SOURCE MATERIAL:

::::::

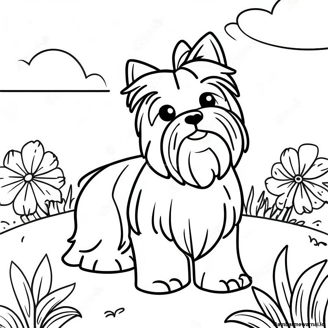 Halaman Mewarnai Yorkie Realistis Berbulu Di Taman
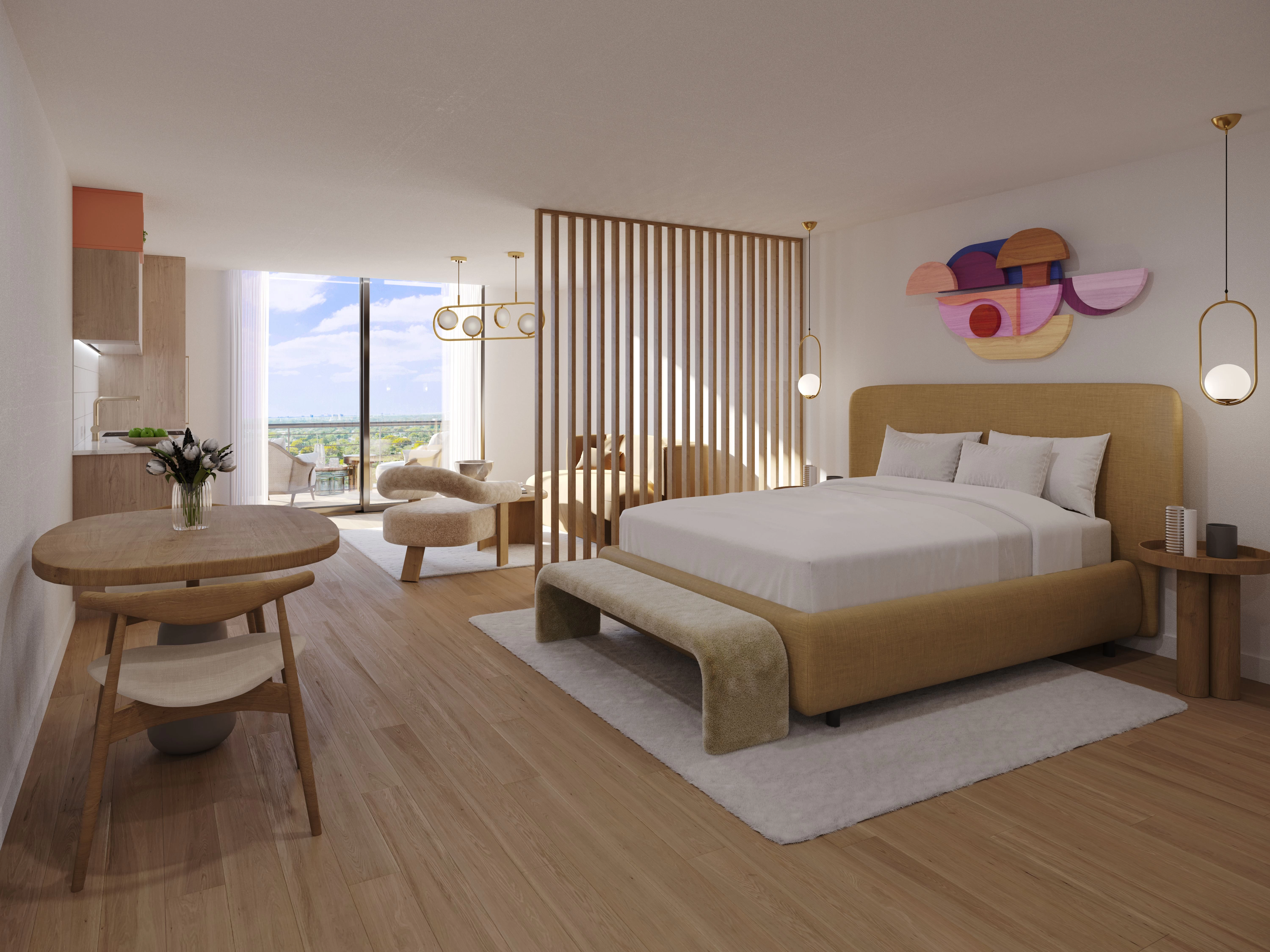 Las residencias expresarán el estilo y el espíritu que solo The Standard puede ofrecer, con interiores meticulosamente curados que brindan el equilibrio perfecto entre estilo y funcionalidad. Los acabados incluyen pisos de porcelanato de madera clara, cocinas modernas con gabinetes italianos hechos a la medida y electrodomésticos Bosch, mientras que los baños exhiben tocadores de piedra y duchas tipo lluvia.
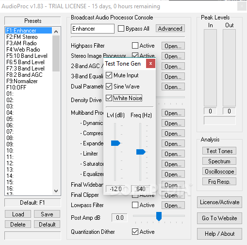 AudioProc is a Winamp DSP plug-in that was developed to provide people with a high-quality multiband audio dynamics processor, which utilizes the same multiband compression/expansion/limiting technology which professional broadcasting hardware is based upon.
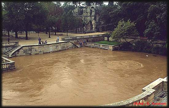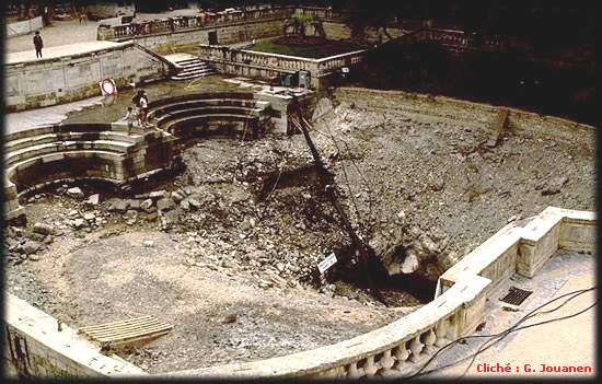Au cours d'une des plongées, Serge Gilly, incrédule, tombe nez à nez avec des poteries à même le sol d'une galerie en voie d'exploration. En synchronisme avec les plongées, le siphon 1970 est équipé en matériel de pompage. Le 28 août les essais sont satisfaisants et l'eau se met doucement à baisser. Malheureusement, dans la nuit du 31 août au 1er septembre, des précipitations importantes, nous obligeant à déséquiper le réseau, mettent fin au pompage de 1991. La totalité du réseau souterrain de la Fontaine de Nîmes est porté alors à environ 2900 mètres.
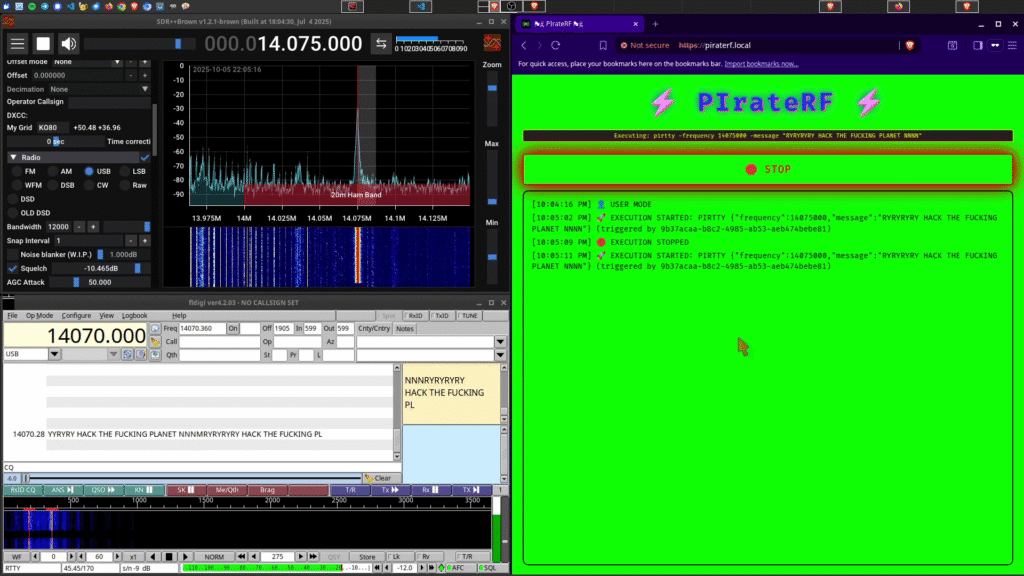 I got tired of this shit while experimenting with rpitx, F5OEO’s brilliant library that turns the Pi’s GPIO into an RF transmitter. The library itself is fantastic – it can generate everything from FM radio to digital modes using nothing but the Pi’s clock. But using it meant remembering dozens of command-line arguments, managing file conversions manually, and SSHing into the Pi for every fucking transmission.
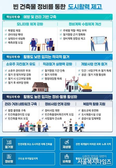 이에, 국토부는 ➊예방 및 관리 기반 구축, ➋활용도 낮은 빈 건축물의 적극적 철거, ➌활용도 높은 빈 건축물의 정비·활용 활성화 등 빈 건축물의 입체적 정비방안을 마련했다.
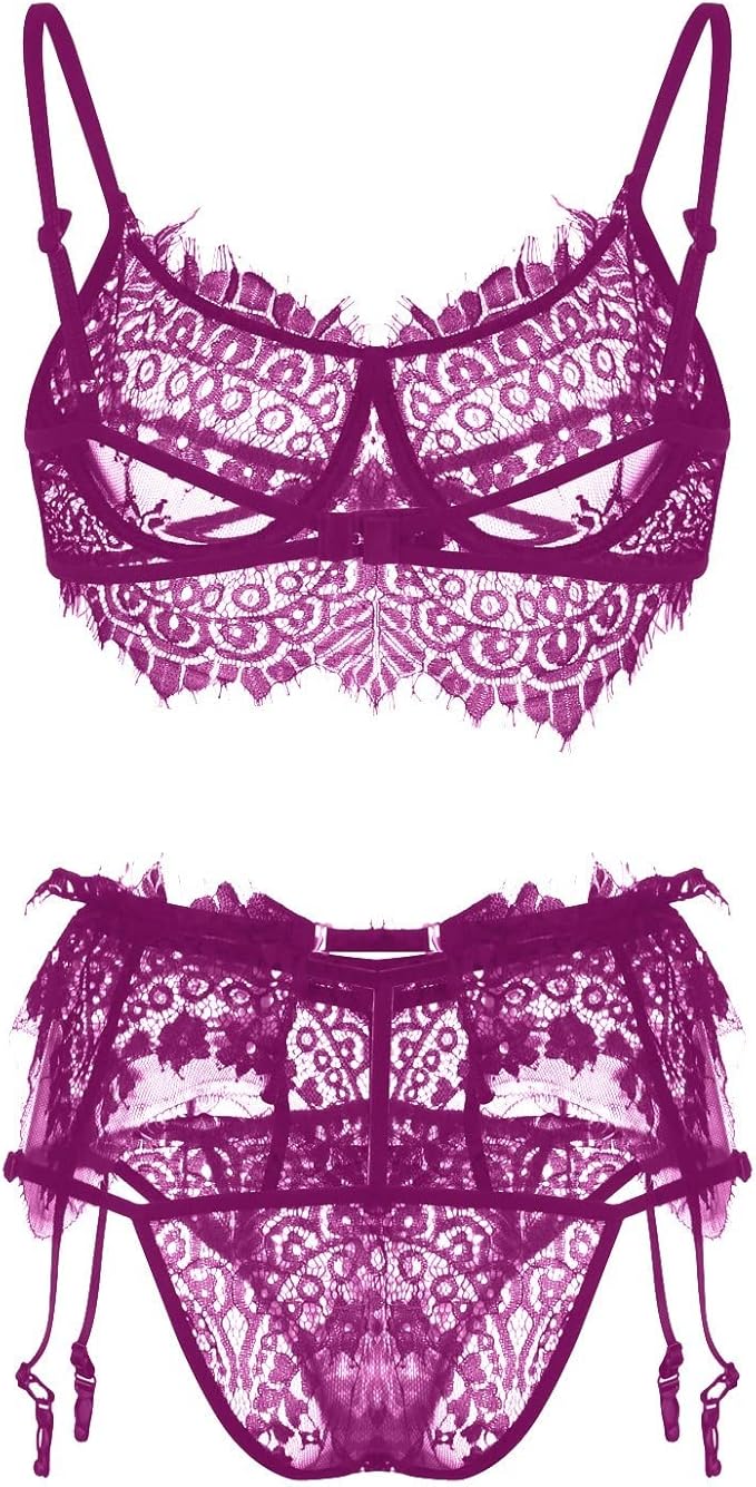 + Free ShippingSet de 3 piezas color Lila, lencería de encaje sexy para mujer.
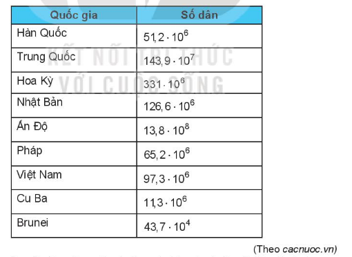 Bảng thống kê dưới đây ước lượng số dân của một số nước tại thời điểm năm 2020.
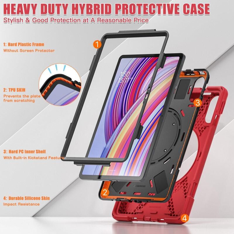 Για Xiaomi Redmi Pad Pro 12.1 Θήκη Ταμπλέτας Υβριδική Σιλικόνης PC με Στήριξη & Λουρί Ώμου (Red)
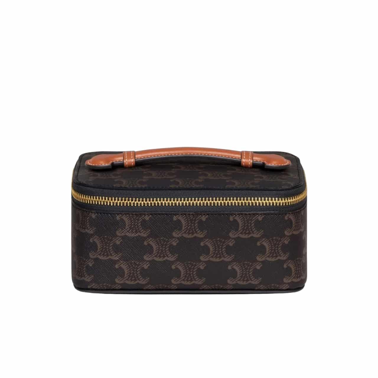 Celine Small Toiletry Case In Triomphe Canvas And Calfskin Top Handle Bag 16 cm / 6.3 inches
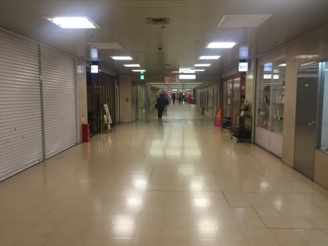 地下1階の南側通りは少し広めで、 人の往来も多めです。
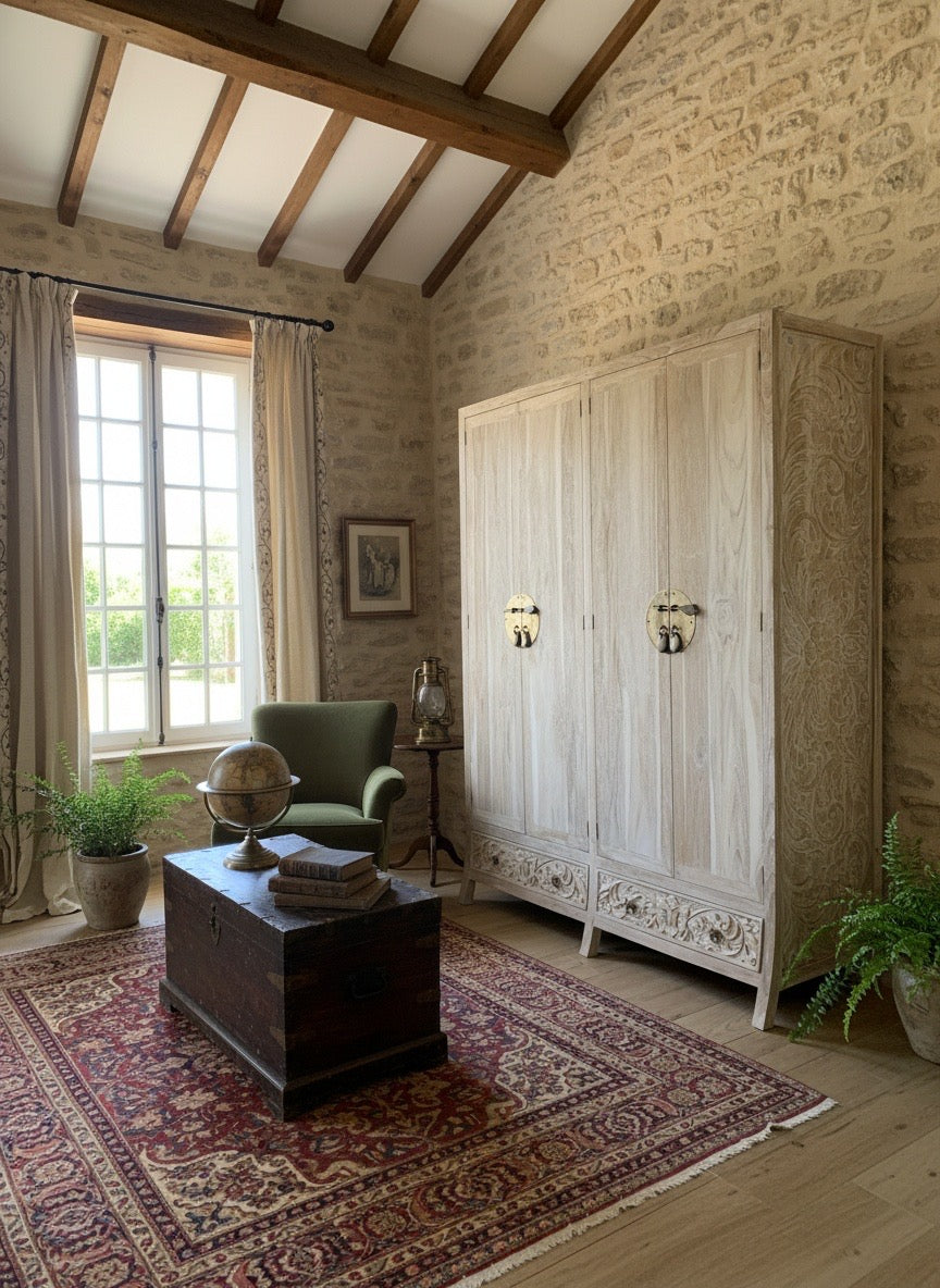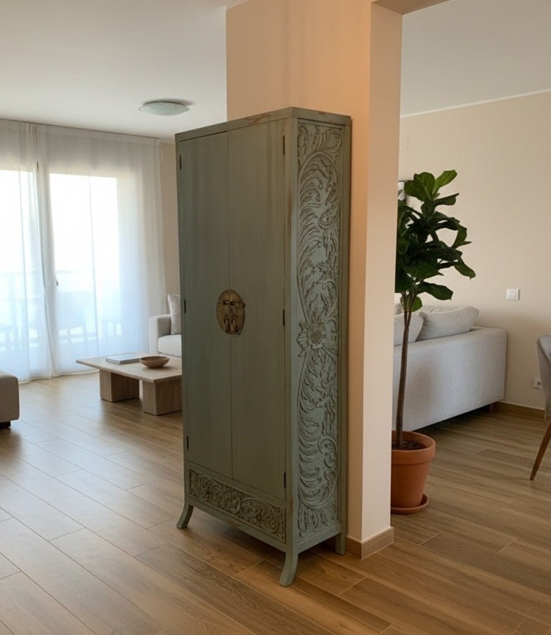 Nuestro Armario de Estilo Colonial-Oriental a Medida es una creación artesanal que celebra la maestría del tallado en teca maciza. Cada detalle refleja la dedicación de artesanos que dominan técnicas tradicionales, transformando madera noble en una pieza de carácter singular. Personaliza completamente tu mueble: selecciona medidas, colores y reorganiza puertas y cajones según tus preferencias específicas. Un almacenamiento que trasciende la funcionalidad, convirtiéndose en una inversión en belleza duradera que define tu espacio con elegancia atemporal y autenticidad oriental incomparable.

::::::

WORK ORDER:
Here the job is to quote the lines from the one with "Celine Small Toiletry" through the end of the material, both included, exactly; please skip the pictures.

RESULT:
 Celine Small Toiletry Case In Triomphe Canvas And Calfskin Top Handle Bag 16 cm / 6.3 inches
 地下1階の南側通りは少し広めで、 人の往来も多めです。
 Nuestro Armario de Estilo Colonial-Oriental a Medida es una creación artesanal que celebra la maestría del tallado en teca maciza. Cada detalle refleja la dedicación de artesanos que dominan técnicas tradicionales, transformando madera noble en una pieza de carácter singular. Personaliza completamente tu mueble: selecciona medidas, colores y reorganiza puertas y cajones según tus preferencias específicas. Un almacenamiento que trasciende la funcionalidad, convirtiéndose en una inversión en belleza duradera que define tu espacio con elegancia atemporal y autenticidad oriental incomparable.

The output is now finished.